PB&Jams: Bad Books
When one of the Dartbeat editors and I told our editor-in-chief about the title for this column, her response was something along the lines of “frankly, no.” The argument was that it’s not funny because my initials are not P.B. She clearly doesn’t understand my propensity for peanut butter or the disastrous combination of liking bad puns and having little skill for coming up with clever titles.
This column isn’t quite a music review, because I’d prefer to just talk about things that I dig. So rather than critique any given song, album or artist, I’m going to suggest something that I’m into and tell you why.
When choosing the topic for my first piece, I copped out and decided to start with the most-played song in my iTunes library — “It Never Stops” off the album II by Bad Books.
Bad Books is a collaboration of musician Kevin Devine and Andy Hull, frontman and songwriter for indie rock band Manchester Orchestra.
The two met in spring of 2007 while touring with Long Island-based alt rock band Brand New. Hull and Devine first teamed up to cover a song by Neutral Milk Hotel and during the tour played on stage with each others’ bands nearly every night.

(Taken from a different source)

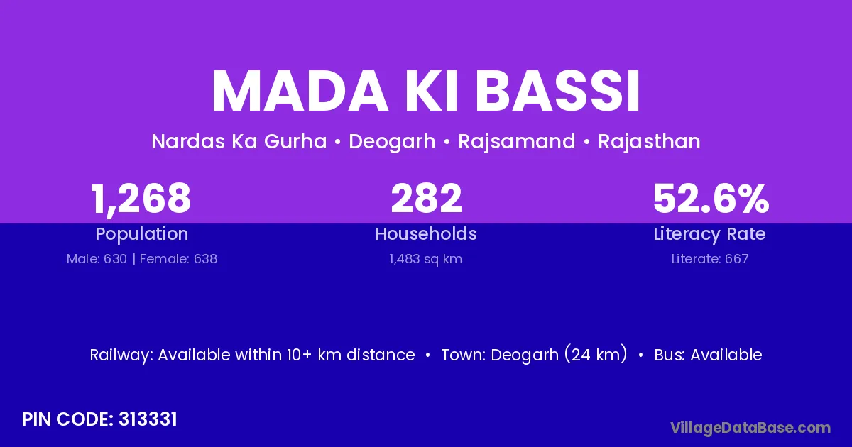 Deogarh (24 km) is the nearest town to Mada Ki Bassi village for major economic activities and is located approximately 24 km away.

They got together to play around with the idea of recording a few songs and ended up putting out a record. Their project would be called Bad Books and the duo released the first album, self-titled Bad Books, in 2010.
2012 saw the debut of their second album, the not so creatively titled II. The record ranges from the catchy and comical “Forest Whitaker,” described by Devine as a “character sketch about a failed relationship” to the slower and heavier “42,” which Hull says references a “fictitious father that cares more about drinking than his family.”
“It Never Stops”
Devine describes the storyline of “It Never Stops” as focusing on a two-day run of “playing weekend in the middle of the week” with a close friend and “that blurry line when you’re friends with someone and you have feelings that are more than that, but you don’t really trust your own judgment as to where they sit.”
The chorus will grab you every time with, “I know, you know/ I wanna love you but I can’t let go/Honey, it never stops, no, it never stops”
Forest Whitaker
Forest Whitaker, the last song they wrote for the album, is a back-and-forth dialogue between a man and his “kind of hippy-ish ex-girlfriend who I would imagine is toting crystals and naming her kid Forest Whitaker.”
The song has elements of witty banter with lines like, “You started a band, that was cool for a while but it turned pretty bland” and the biting observation, “You started a job/that you hate when you’re sober and hate even more when you’re not/I know you hate me too, you always say you do."
Pyotr
“Pyotr” recounts the legend of Russian Czar Pyotr the Great, who allegedly found his wife Catherine cheating on him and proceeded to behead her lover. He put the head on display to punish her, saying that if she loved him so much she should be around him all the time.
The song bounces between the perspective of the lover and of Pyotr with dark lyrics like, “And I know I am not the man you desire/I know you think that I am some kind of fool/and I know you would gaze in his eyes forever/ I’ve figured out just how to give that to you.”